GOAL OF THE EXERCISE —
Going through the listing below, work out how many lines include "design" and give that number by itself.

++++++++++++++++++++

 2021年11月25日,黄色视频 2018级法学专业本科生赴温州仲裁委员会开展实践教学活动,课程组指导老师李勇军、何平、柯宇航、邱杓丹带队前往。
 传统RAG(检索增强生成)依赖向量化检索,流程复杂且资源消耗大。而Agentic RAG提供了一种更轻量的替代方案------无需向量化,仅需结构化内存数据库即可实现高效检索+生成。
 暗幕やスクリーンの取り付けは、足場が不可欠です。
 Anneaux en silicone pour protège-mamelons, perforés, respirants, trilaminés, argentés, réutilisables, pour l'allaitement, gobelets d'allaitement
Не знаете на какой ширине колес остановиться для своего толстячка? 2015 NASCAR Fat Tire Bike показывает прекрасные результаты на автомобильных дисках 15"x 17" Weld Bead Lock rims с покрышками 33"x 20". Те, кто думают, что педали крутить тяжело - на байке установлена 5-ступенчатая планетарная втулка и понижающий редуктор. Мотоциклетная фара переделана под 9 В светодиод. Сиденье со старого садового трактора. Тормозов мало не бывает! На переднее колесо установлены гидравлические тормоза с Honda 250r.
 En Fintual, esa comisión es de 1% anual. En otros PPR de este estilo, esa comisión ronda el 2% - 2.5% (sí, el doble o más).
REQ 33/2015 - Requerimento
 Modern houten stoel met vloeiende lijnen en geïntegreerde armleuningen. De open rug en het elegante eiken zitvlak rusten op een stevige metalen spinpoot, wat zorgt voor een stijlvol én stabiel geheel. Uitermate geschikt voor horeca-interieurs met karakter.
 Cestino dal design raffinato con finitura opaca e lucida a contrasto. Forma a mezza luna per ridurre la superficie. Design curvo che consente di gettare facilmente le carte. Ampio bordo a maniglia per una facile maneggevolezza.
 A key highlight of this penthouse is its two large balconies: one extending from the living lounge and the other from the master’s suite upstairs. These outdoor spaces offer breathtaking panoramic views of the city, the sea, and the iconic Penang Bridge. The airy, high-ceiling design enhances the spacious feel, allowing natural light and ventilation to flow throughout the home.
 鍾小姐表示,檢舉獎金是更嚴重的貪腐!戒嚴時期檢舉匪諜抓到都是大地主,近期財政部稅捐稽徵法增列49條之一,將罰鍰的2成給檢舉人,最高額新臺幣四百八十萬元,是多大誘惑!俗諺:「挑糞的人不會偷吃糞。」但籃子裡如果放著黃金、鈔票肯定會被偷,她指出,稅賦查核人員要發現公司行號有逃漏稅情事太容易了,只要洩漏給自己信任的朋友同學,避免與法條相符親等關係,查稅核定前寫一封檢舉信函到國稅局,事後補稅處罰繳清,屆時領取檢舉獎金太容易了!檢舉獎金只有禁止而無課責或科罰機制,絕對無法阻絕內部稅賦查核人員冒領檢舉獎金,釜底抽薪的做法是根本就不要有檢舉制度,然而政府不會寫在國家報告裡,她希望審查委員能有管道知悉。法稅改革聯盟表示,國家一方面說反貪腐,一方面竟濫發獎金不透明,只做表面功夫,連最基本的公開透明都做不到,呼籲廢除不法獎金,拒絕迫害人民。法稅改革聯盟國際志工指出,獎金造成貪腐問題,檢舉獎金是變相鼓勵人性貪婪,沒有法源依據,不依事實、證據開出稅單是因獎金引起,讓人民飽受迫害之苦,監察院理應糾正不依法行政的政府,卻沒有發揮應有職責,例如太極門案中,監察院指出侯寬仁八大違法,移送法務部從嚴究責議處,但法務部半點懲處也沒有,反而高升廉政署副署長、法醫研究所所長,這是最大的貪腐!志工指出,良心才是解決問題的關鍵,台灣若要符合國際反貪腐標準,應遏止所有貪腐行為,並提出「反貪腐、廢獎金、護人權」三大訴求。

++++++++++++++++++++

OUTPUT OF THE TASK —
2